Yes. That is what I meant.
 

1. What does "additive but not scalable" mean?

"Additive but not scalable" refers to a function that satisfies the property of additivity, meaning that the output of the function when given two inputs is equal to the sum of the outputs of each individual input, but is not considered scalable because it does not exhibit the property of scalability, where the output of the function changes proportionally with the input. In other words, increasing the input by a certain amount does not result in the output increasing by the same amount.

2. Can you provide an example of an "additive but not scalable" function?

A common example of an additive but not scalable function is the floor function, denoted as f(x) = ⌊x⌋. This function takes any real number as an input and outputs the largest integer less than or equal to that number. While this function is additive, as the output of f(x + y) is equal to f(x) + f(y), it is not scalable because the output does not increase proportionally with the input. For example, f(2) = 2 but f(4) = 3, an increase of 100% in the input results in only a 50% increase in the output.

3. How is "additive but not scalable" different from a linear function?

A linear function is a function that satisfies both the properties of additivity and scalability, meaning that the output increases proportionally with the input. "Additive but not scalable" functions satisfy the property of additivity but not scalability, as the output does not increase proportionally with the input. This means that while linear functions have a constant rate of change, "additive but not scalable" functions have a variable rate of change.

4. Why is it important to understand "additive but not scalable" functions?

Understanding "additive but not scalable" functions is important in various fields, such as economics, physics, and computer science. In economics, for example, understanding the properties of a function can help in determining the relationship between inputs and outputs, and in turn, make predictions about the behavior of a system. In physics, "additive but not scalable" functions can help model non-linear systems. In computer science, understanding these functions can aid in the development of algorithms and data structures.

5. Can "additive but not scalable" functions have real-world applications?

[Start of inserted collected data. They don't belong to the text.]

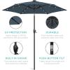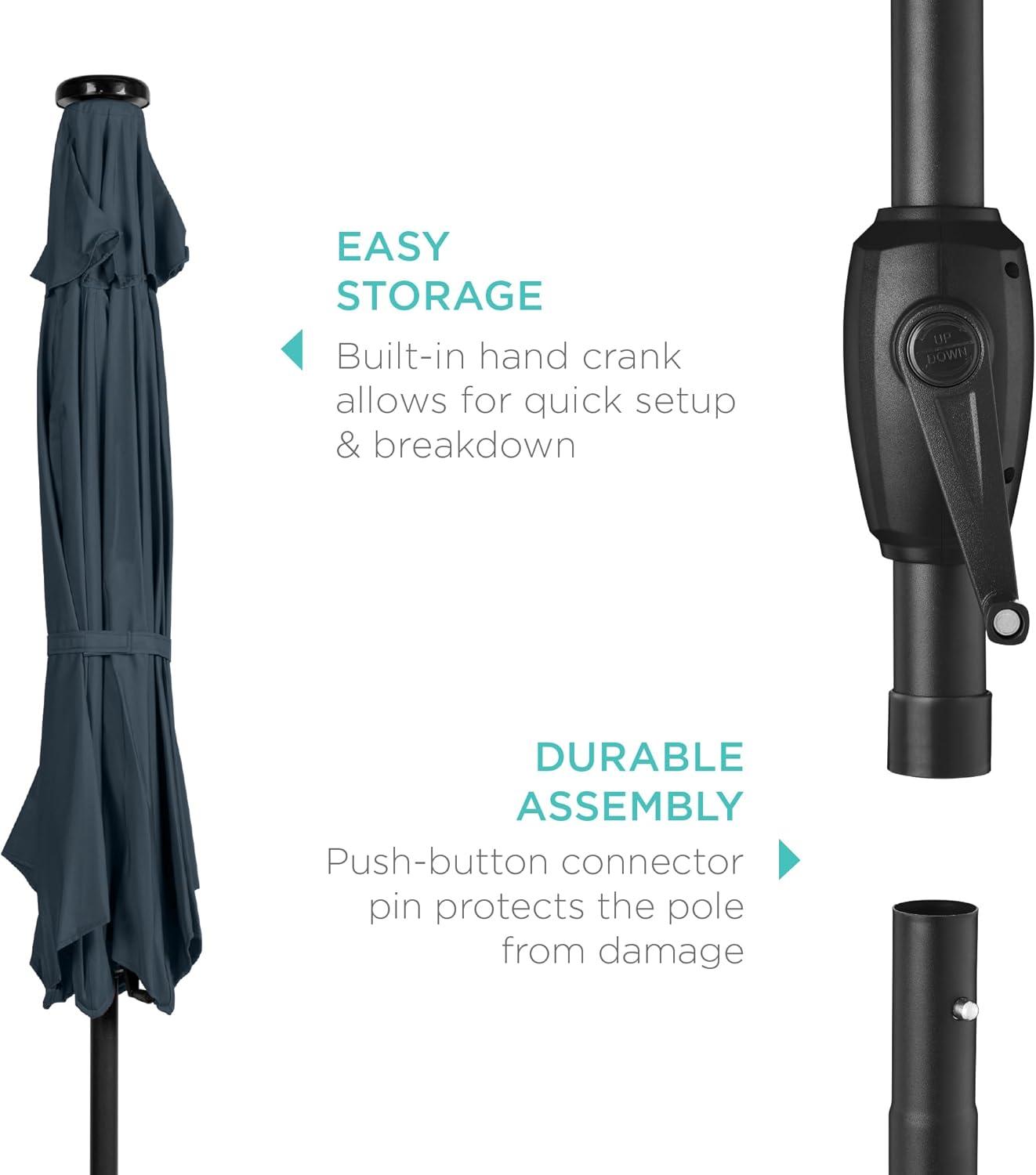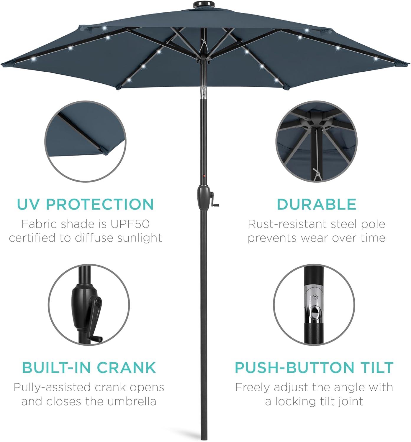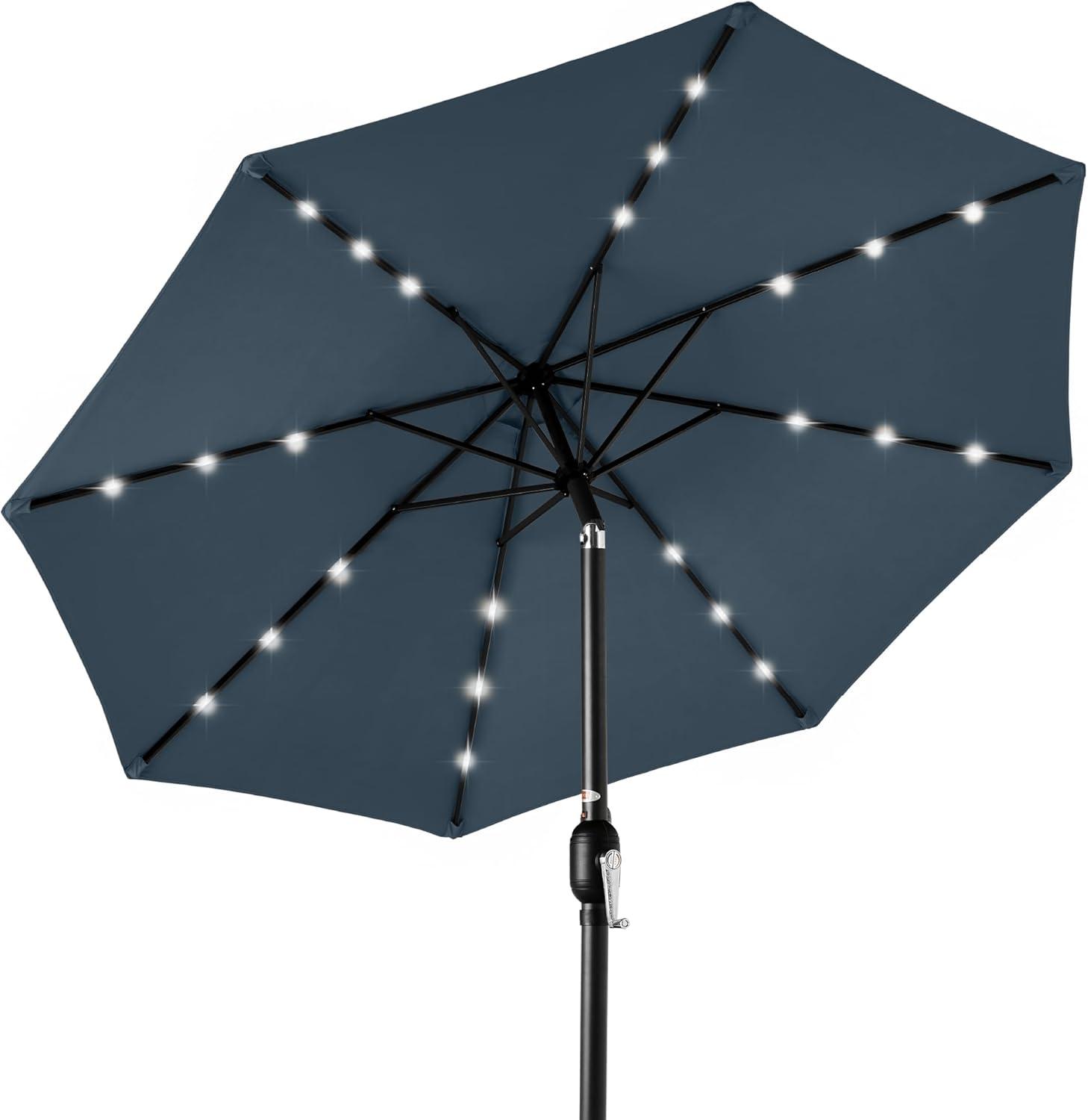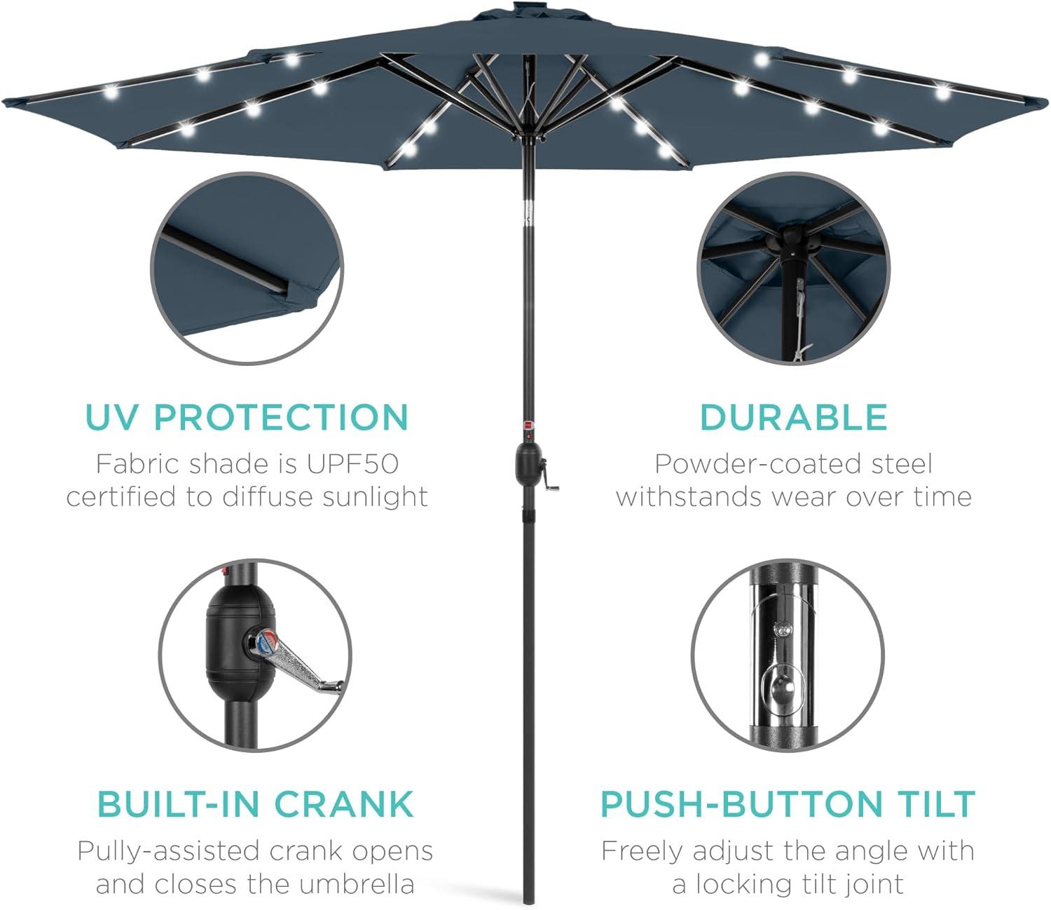 Best Choice Products 10ft Solar Polyester LED Lighted Patio Umbrella w/Tilt Adjustment and UV-Resistant Fabric – Tan(Slate Blue)
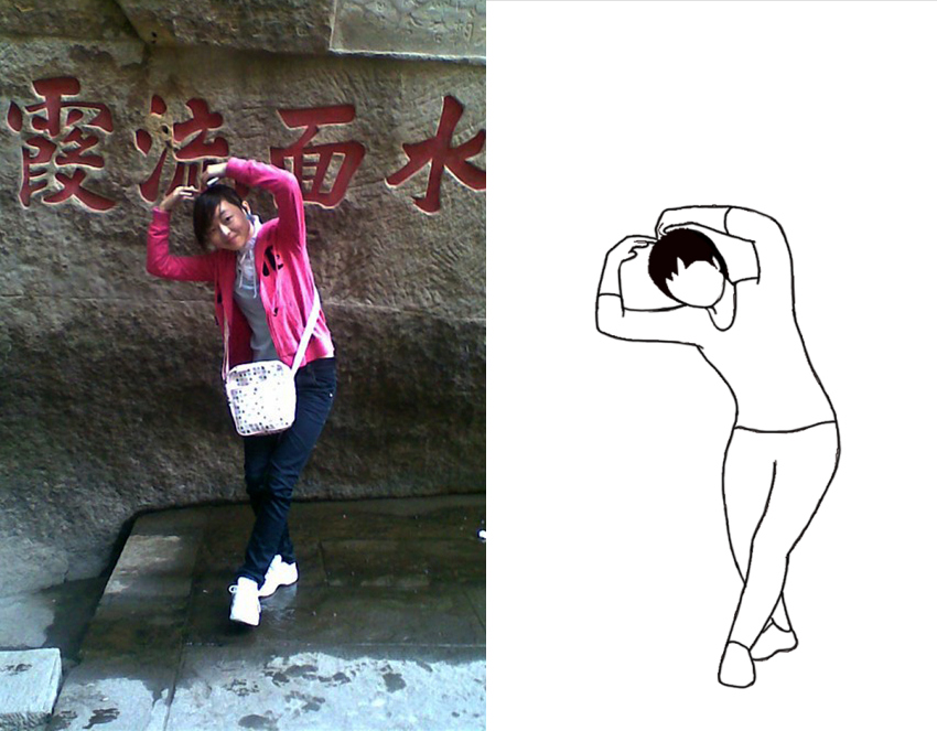这种自小的熏陶,让张娅芳在看到别人凹造型的时候不自觉就产生了联想。她也发现人们“到此一游”的留影动作其实大同小异,整理一下,好像也是件蛮有意思的事耶。
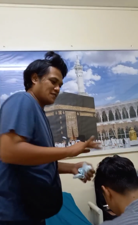 Video PS Mansur Yang Melatah Ketika Sedang Menatarias Merqeen Buat Ramai Terhibur. Ad0i Kena Tonyoh Kepala Semua Arah Dah Si Merqeen Tu. Lawak Lah PS Mansur Ni, Haha !!
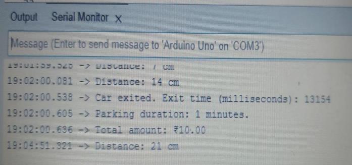 When the vehicle leaves the parking slot, the ultrasonic sensor detects the exit by noticing the threshold value change. The microcontroller captures the exit time using anothertimestamp. To calculatethe total timethevehicle was parked, the system uses the Timediff algorithm. The duration of the parking session is stored, allowing the microcontrollertodeterminetheapplicableparkingfee.
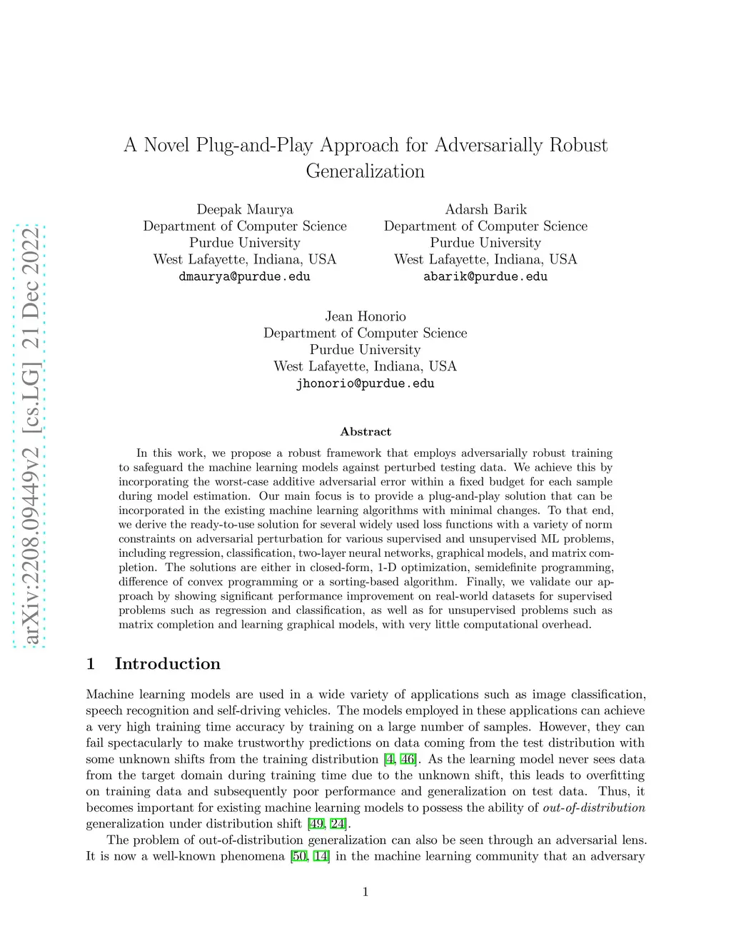 In this work, we propose a robust framework that employs adversarially robust training to safeguard the machine learning models against perturbed testing data. We achieve this by incorporating the worst-case additive adversarial error within a fixed budget for each sample during model estimation. Our main focus is to provide a plug-and-play solution that can be incorporated in the existing machine learning algorithms with minimal changes. To that end, we derive the ready-to-use solution for several widely used loss functions with a variety of norm constraints on adversarial perturbation for various supervised and unsupervised ML problems, including regression, classification, two-layer neural networks, graphical models, and matrix completion. The solutions are either in closed-form, 1-D optimization, semidefinite programming, difference of convex programming or a sorting-based algorithm. Finally, we validate our approach by showing significant performance improvement on real-world datasets for supervised problems such as regression and classification, as well as for unsupervised problems such as matrix completion and learning graphical models, with very little computational overhead.
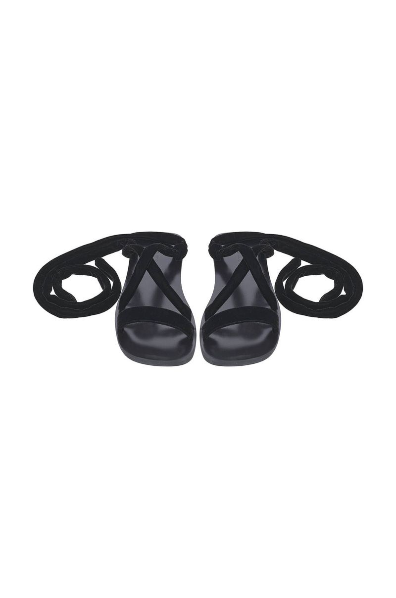 A Rasteira Eva é confeccionada em veludo e couro. O modelo apresenta bico quadrado. Possui tiras em veludo cruzadas sobre o pé, proporcionando um visual moderno e sofisticado. Fechamento de tiras sobre o tornozelo.

Yes, "additive but not scalable" functions can have real-world applications. As mentioned before, these functions can help model non-linear systems, making them useful in various fields such as economics, physics, and computer science. For example, in economics, the floor function can be used to model the relationship between the quantity of goods produced and the demand for those goods. In physics, the floor function can be used to model the behavior of a particle moving in a non-linear path. In computer science, the floor function can be used in sorting algorithms to partition data into smaller, non-overlapping groups.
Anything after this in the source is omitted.